Extracted records
..............................
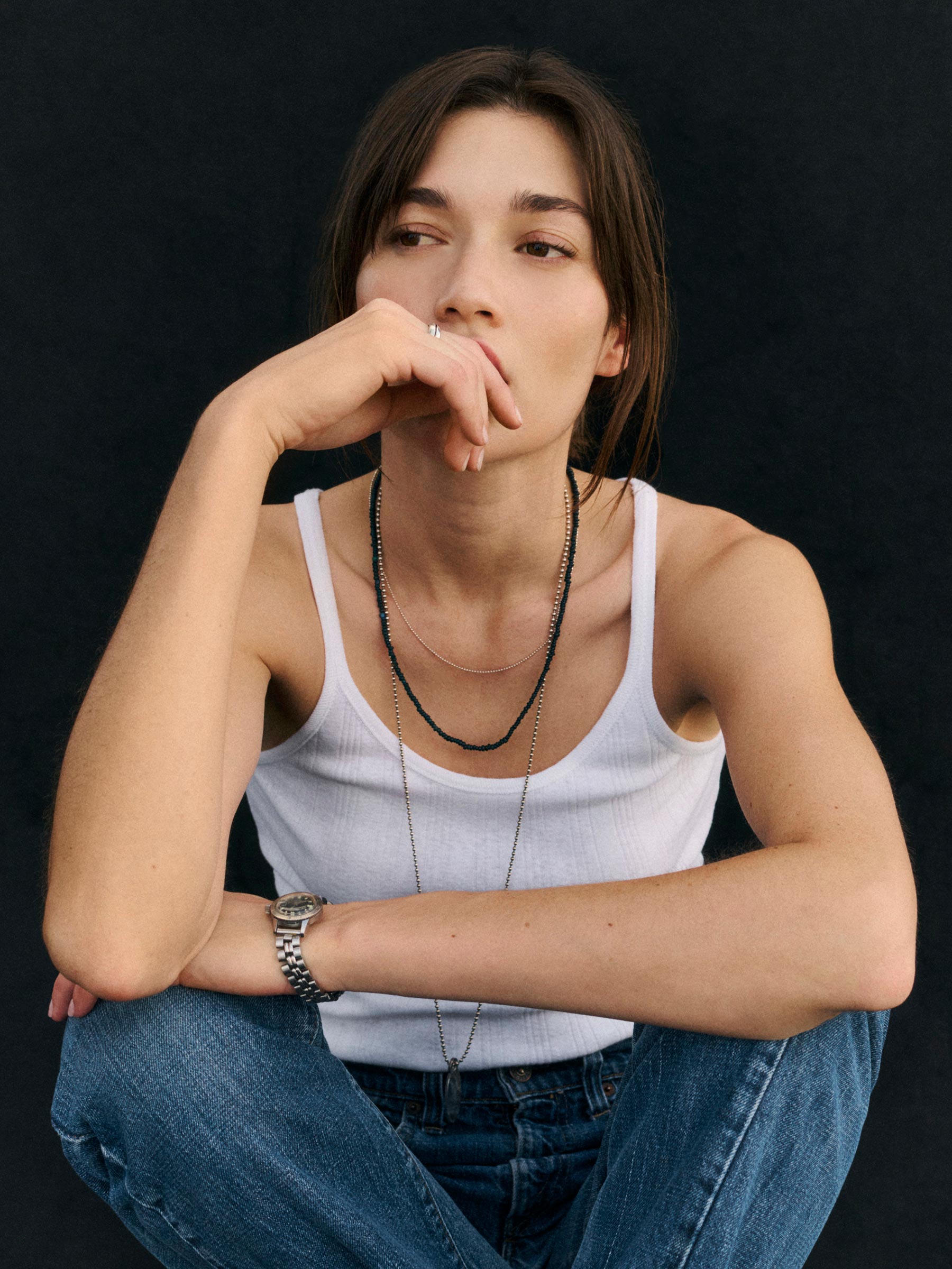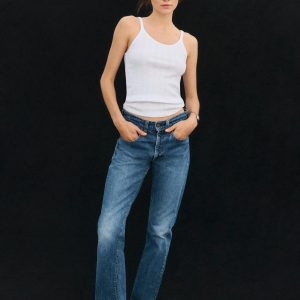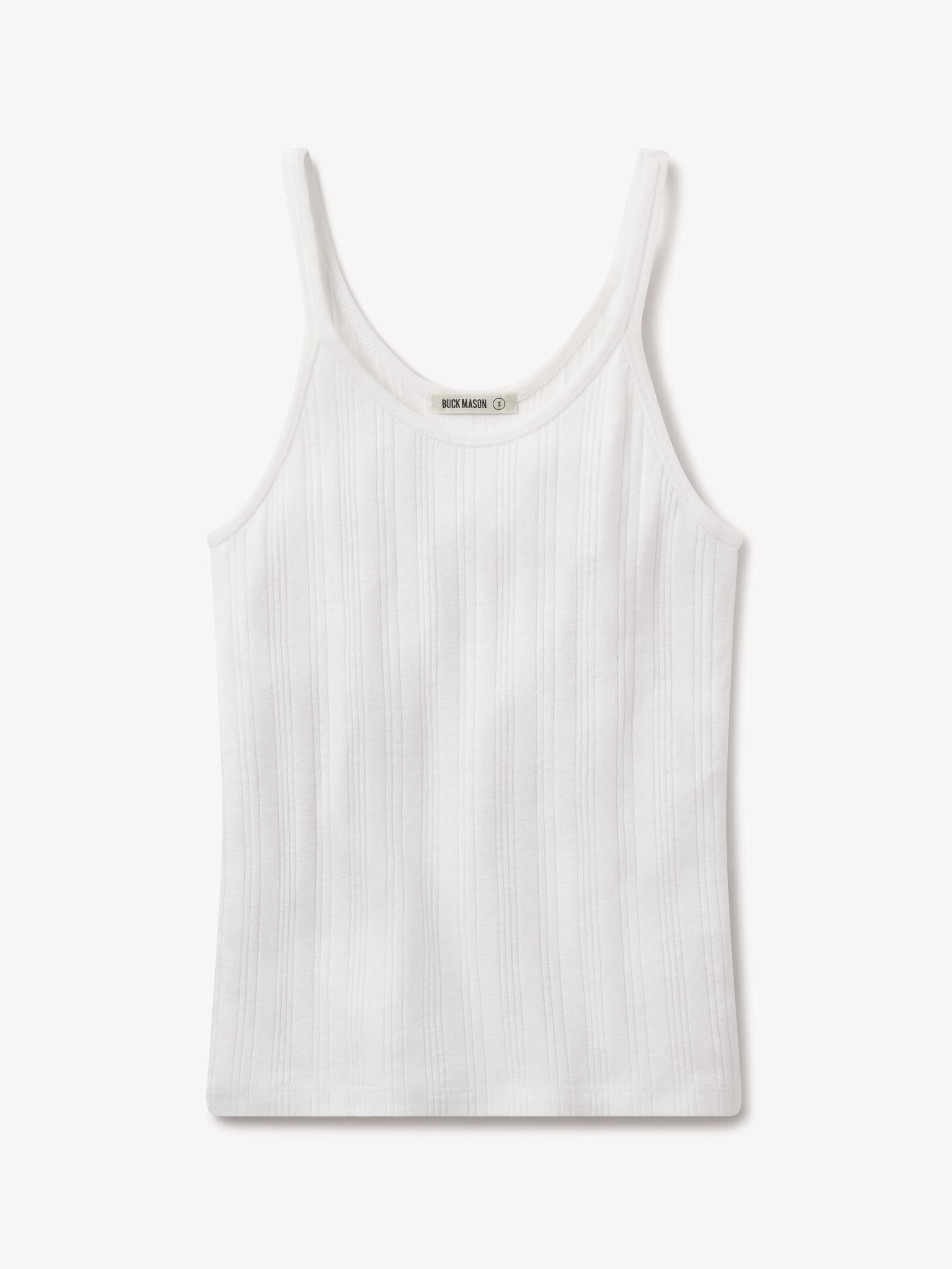 Slim-fit, vintage-inspired base tank made from a textured blend of 60% recycled cotton and 40% cotton. Features a scalloped scoop neckline, contrast rib binding, and discreet baby snaps at the shoulders to keep bra straps in place.
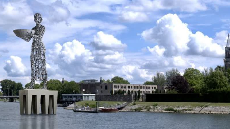 Het ruim vier meter hoge beeld Hanneken van Dordt heeft een nieuwe, tijdelijke standplaats. Ze is de...
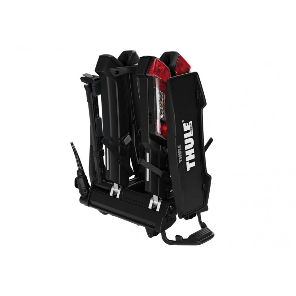 El portabicicletas más versátil para cualquier tipo de bicicleta En el portabicicletas Thule Epos se puede llevar todo tipo de bicicletas y es rápido, sencillo y cómodo de usar. Las bicicletas se montan con el mínimo esfuerzo, gracias a un innovador sistema de montaje telescópico. Con los brazos para bicicletas puedes conectar la bicicleta en cualquier lugar del cuadro o de la rueda trasera, con lo que dispones de diversas opciones de fijación. Puedes cargar y descargar hasta dos bicicletas en cualquier orden, con todo tipo de cuadros y geometrías, incluidas bicicletas eléctricas, de montaña, de grava y bicicletas con guardabarros y soportes. Thule Epos se ha diseñado para maximizar tu tiempo con la bicicleta, gracias a soluciones inteligentes que hacen que el manejo de la bicicleta sea sencillo. Es totalmente plegable para facilitar su transporte y almacenamiento y se puede inclinar para poder acceder al maletero. El portabicicletas se ha diseñado para cuidar de tus bicicletas, con un hueco amplio entre las bicicletas, espacio para grandes distancias entre ejes y fácil fijación de grandes neumáticos, para que puedas disfrutar de tu tiempo practicando ciclismo. Hemos diseñado accesorios excelentes para ciclistas que adoran sus bicicletas. Ajusta o repara tu bicicleta sobre la marcha con el soporte de reparación Thule Epos y protege tus bicicletas de robos con Thule High Grade Lock, desarrollado con el líder del sector ABUS. Y sí, lo sabemos: las bicicletas eléctricas pesan mucho. Por ello te ofrecemos la rampa de carga plegable Thule Epos, con la que cargar y descargar fácilmente tus bicicletas más pesadas. Compatible con todo tipo de bicicletas y bicicletas eléctricas Carga y descarga rápida y sencilla de todo tipo de bicicletas y bicicletas eléctricas. Los brazos de bicicleta telescópicos patentados con plataforma pivotante y correas reforzadas de acero se fijan al cuadro de la bicicleta o a la rueda trasera. Alta capacidad de carga La alta capacidad de carga de 30 kg/bicicleta permite transportar bicicletas eléctricas pesadas Amplio espacio entre bicicletas La amplia distancia de 25 cm entre bicicletas reduce el riesgo de contacto entre ellas Diseño totalmente plegable Totalmente plegable para una instalación, un manejo y un almacenamiento cómodos Acceso sencillo al maletero Se puede acceder al maletero con las bicicletas montadas con inclinación mediante un pedal inteligente. Sin las bicicletas, se puede acceder al maletero sin la inclinación. Detalles
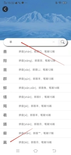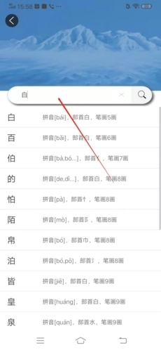 2、在搜索框中输入汉字的部首或偏旁,从下拉列表里找到想要查看的字;
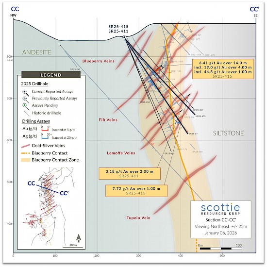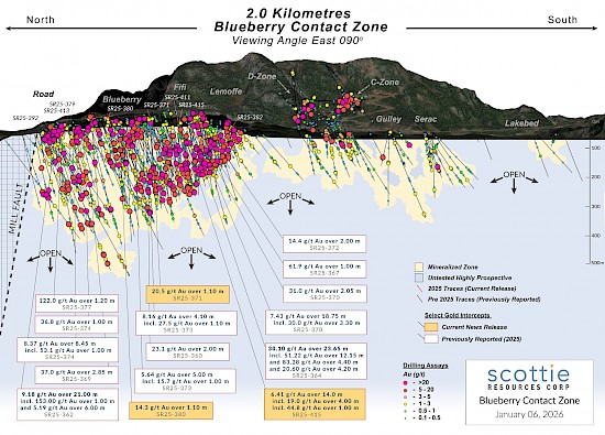 Vancouver, BC – January 6, 2026 – Scottie Resources Corp. (“Scottie” or the “Company”) (TSXV: SCOT OTCQB: SCTSF FSE:SR80) is pleased to report new assays from its 2025 drilling of the Blueberry Contact Zone within the Scottie Gold Mine Project (“Scottie Gold Mine” or the “Project”). The road-accessible Scottie Gold Mine Project, which includes the 100%-owned past-producing Scottie Gold Mine and the adjacent Blueberry Contact Zone, is located 35 kilometres north of Stewart, BC, and is the subject of a newly released Preliminary Economic Assessment (“PEA”) (Bird et al., October 28, 2025, Scottie Gold Mine Project, SEDAR+).
..............................
• [Task requirements]:
From the first line of the entries above down to the line holding "Het ruim vier", quote each line exactly and nothing else, skipping pictures.

• [Solution]:
 Slim-fit, vintage-inspired base tank made from a textured blend of 60% recycled cotton and 40% cotton. Features a scalloped scoop neckline, contrast rib binding, and discreet baby snaps at the shoulders to keep bra straps in place.
 Het ruim vier meter hoge beeld Hanneken van Dordt heeft een nieuwe, tijdelijke standplaats. Ze is de...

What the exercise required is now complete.